Reconstrução de Santo Antônio de Pádua Foto: Reprodução Cícero Moraes |
3 — Em 2018, o senhor modelou uma face que seria mais compatível com o “verdadeiro” Jesus de Nazaré, que teve ampla repercussão nacional. Na época, muitas pessoas criticaram o trabalho, em virtude da aparência do profeta. Como o senhor reagiu a essa polêmica?
O que aconteceu foi muito simples: aquilo não era uma reconstrução exata de Jesus Cristo. O que eu fiz foi simplesmente reunir vários registros de pessoas da região em que ele viveu, além de uma série de imagens e dados onde se passaram os episódios do Novo Testamento. Esse trabalho foi uma parceria com o repórter da rede inglesa BBC Edison Veiga, que estava escrevendo uma reportagem sobre Jesus. As pessoas têm uma ideia de Jesus europeizada, com aquele aspecto de pele clara e olhos claros. Jesus é um conceito. É difícil conseguir localizá-lo historicamente. Nesse caso, não fiquei incomodado com os ataques que recebi. Era divertido acompanhar o que as pessoas falavam, porque isso se tornou um debate. Geralmente eu sou contratado por museus, principalmente os europeus, para fazer reconstruções. Eles mandam um crânio puro, ou seja, sem informações sobre a figura histórica daquela estrutura. Basicamente, os historiadores me passam três informações: o sexo, a idade e a ancestralidade daquele crânio. Em seguida, faço a reconstrução sem nenhum viés. Somente depois que termino meu ofício é que eles me informam quem eu reconstruí. Em alguns casos, sei de quem se trata, mas quase todas as figuras históricas que eu trabalho não são fotografadas. A reconstrução do próprio Santo Antônio foi assim.

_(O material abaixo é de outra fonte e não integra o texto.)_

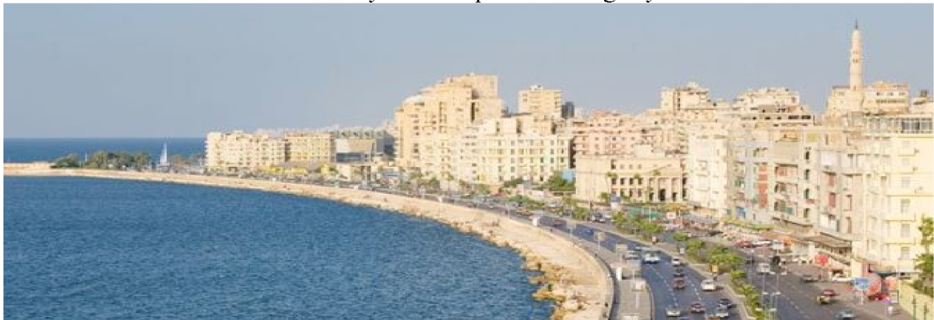
b. Alexandria city facades painted in white.

Reconstrução de Jesus Cristo Foto: Reprodução Cícero Moraes |
4 — E como o Brasil se destaca na área de modelagem 3-D?
O Brasil produz um material acadêmico muito bom sobre reconstrução facial forense, em revistas robustas, com alto fator de impacto. Essa excelência faz com que o país seja bem-visto internacionalmente, uma vez que contribuiu bastante com a área técnica. Eu mesmo tive a honra de publicar artigos científicos em parceria com o Laboratório de Antropologia e Odontologia Forense e a Seção de Perícias em Áudio e Imagens do Instituto Geral de Perícias do Rio Grande do Sul.
5 — Qual conselho o senhor daria para os brasileiros que querem seguir nessa carreira?
Diria aos interessados que estudem bastante e que busquem parcerias para exercitar o que aprenderam. Hoje, o acesso a artigos e livros está muito mais fácil do que há uma década, quando comecei. Felizmente, temos bons materiais disponíveis em muitos idiomas, inclusive em português. Escrevi um livro gratuito abordando a técnica digital, sob o título Manual de Reconstrução Facial Forense 3D Digital, bem como artigos científicos e capítulos de livro sobre o tema.